Altri due profili chiave sono quello del Digital Strategist e del Digital Account. Il Digital Strategist si occupa di ideare e sviluppare le campagne di comunicazione, in ottica transmediale e multicanale. Deve avere competenze nella lettura degli insight, a livello macro e micro, e la capacità di tradurli in attività di comunicazione. Deve essere curioso e attento agli sviluppi della tecnologia e delle piattaforme unendo competenze creative con una forte conoscenza dei mezzi.
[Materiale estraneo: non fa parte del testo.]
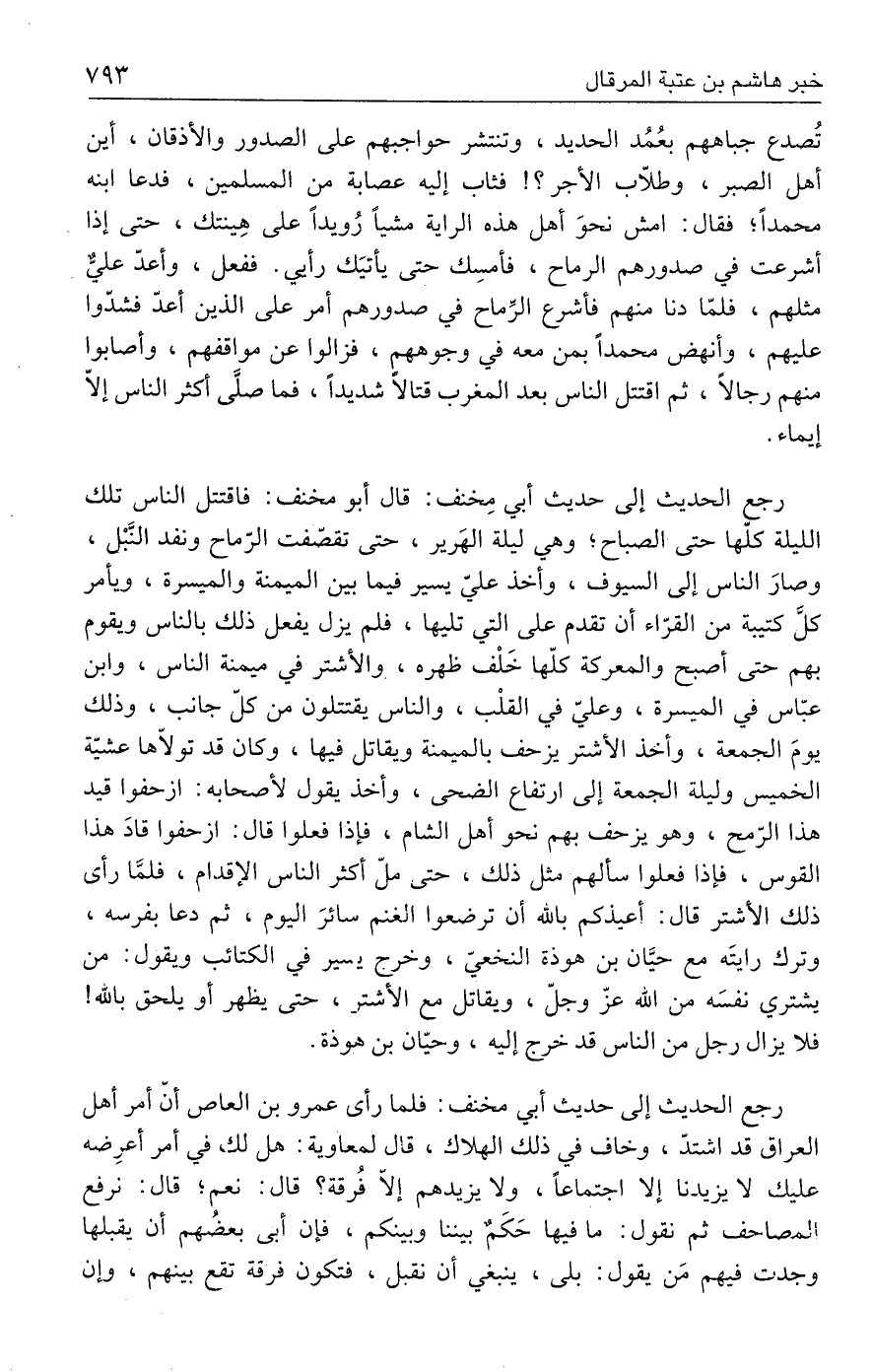 رجع الحديث إلى حديث أبي مِخنف: قال أبو مخنف: فاقتتل الناس تلك الليلة كلّها حتى الصباح؛ وهي ليلة الهَرير، حتى تقصّفت الرّماح ونفد النَّبْل، وصارَ الناس إلى السيوف، وأخذ عليّ يسير فيما بين الميمنة والميسرة، ويأمر كلَّ كتيبةٍ من القرّاء أن تقدم على التي تليها، فلم يزل يفعل ذلك بالناس ويقوم بهم حتى أصبح والمعركة كلّها خَلْف ظهره، والأشتر فى ميمنة الناس، وابن عبّاس في الميسرة، وعليّ فرب القلْب، والناس يقتتلون مْن كلّ جانب، وذلك يومَ الجمعة، وأخذ الأشتر يزحف بالميمنة ويقاتل فيها، وكان قد تولّاها عشيّة الخميس وليلة الجمعة إلى ارتفاع الضحى، وأخذ يقول لأصحابه: ازحفوا قادَ هذا الرّمح، وهو يزحف بهم نحو أهل الشام، فإذا فعلوا قال: ازحفوا قادَ هذا القوس، فإذا فعلوا سألهم مثل ذلك، حتى ملّ أكثر الناس الإقدام، فلمَّا رأق ذلك الأشتر قال: أعيذكم بالله أن ترضعوا الغنم سائرَ اليوم، ثم دعا بفرسه، وترك رايتَه مع حيَّان بن هوذة النخعيّ، وخرح يسير في الكتائب ويقول: من يشتري نفسَه من الله عزّ وجلّ، ويقاتل مع الأشتم، حتى يظهر أو يلحق بالله! فلا يزال رجل من الناس قد خرج إليه، وحيّان بن هوذة.

Il Digital Strategist può avere due declinazioni: una in ambito creativo, e quindi essere la persona che costruisce la campagna di comunicazione in ambito per esempio dei social media, oppure in ambito media come Strategic Planner dove invece andrà a sviluppare la scelta strategica delle piattaforme su cui distribuire le campagne. Per tutte le competenze richieste si tratta in genere di una figura con una certa seniority. Alla figura di Digital Strategist si accede infatti dopo un percorso come Community e Social Media Manager o dopo un’esperienza come Digital Media Planner.

Il Digital Account si occupa invece di seguire il cliente in tutto lo sviluppo delle attività digitali, dalla raccolta del brief alla reportistica. Si tratta di una figura chiave in agenzia dove l’account è lo snodo che collega gli specialisti verticali con il cliente. Un account deve possedere elevate competenze relazionali e organizzative per gestire sia i team coinvolti sia la parte operativa del progetto. Sempre di più agli account sono richieste inoltre competenze nella lettura degli insight e creative per poter individuare le esigenze del cliente e saperle mettere in relazione con le professionalità d’agenzia.

3.3 LE COMPETENZE

Per quanto le professioni digitali siano in una fase di forte specializzazione, un’osservazione sul campo delle dinamiche occupazionali e dei processi di placement negli studenti dei master “digital” di Almed rivelano l’esistenza di un plesso di competenze trasversali che vengono richieste dal mercato indipendentemente dalla mansione che si va a ricoprire:

– anche nei profili più umanisti, è apprezzata una predisposizione alla comprensione delle dinamiche economiche e di business;

– cresce la richiesta di competenze di public speaking e la capacità di saper costruire delle presentazioni efficaci (Power Point, Keynote o Prezi);

– le competenze analitiche vengono considerate sempre di più fondamentali non solo per i profili professionali più da analyst, ma tutti i professionisti della comunicazione;

– anche per i profili più umanisti risulta essere sempre più importante la capacità di usare fogli di calcolo in manie- ra evoluta e il pensiero analitico e la conoscenza delle principali metriche di Internet, sia lato audience sia lato advertising;

– viene richiesta la conoscenza delle logiche e dei linguaggi di funzionamento degli ambienti digitali, dei linguaggi di programmazione (html) e una certa attenzione per il mondo del coding di base, come elemento per comprendere le logiche di funzionamento degli strumenti digitali;

– fra le soft skills più richieste vi è anche la capacità di lavorare in team e di essere costantemente aggiornati sull’evoluzione della comunicazione digitale, sui trend e sulle piattaforme;

– imprescindibile è la conoscenza avanzata dell’inglese, che spesso risulta essere un elemento decisivo nelle fasi di selezione.

In sintesi, quello della comunicazione digitale è un settore consolidato, in cui la filiera e i player appaiono definiti sebbene emergano periodicamente nuovi soggetti con cui confrontarsi. La pervasività della comunicazione digitale e i processi di digital transformation fanno sì che esso sia un settore con cui tutti i soggetti del mercato si devono confrontare e in cui si assiste sempre di più a ibridazioni e contaminazioni con le forme tradizionali di comunicazione.

Ai giovani che intendono affacciarsi a questo settore è quindi richiesto di possedere certamente competenze verticali e soft skills acquisibili attraverso i percorsi di studio, ma anche di sviluppare un’attitudine alla formazione e all’aggiornamento permanente per poter rimanere sempre al passo con i tempi, come evidenzia anche l’approfondimento dedicato alle startup.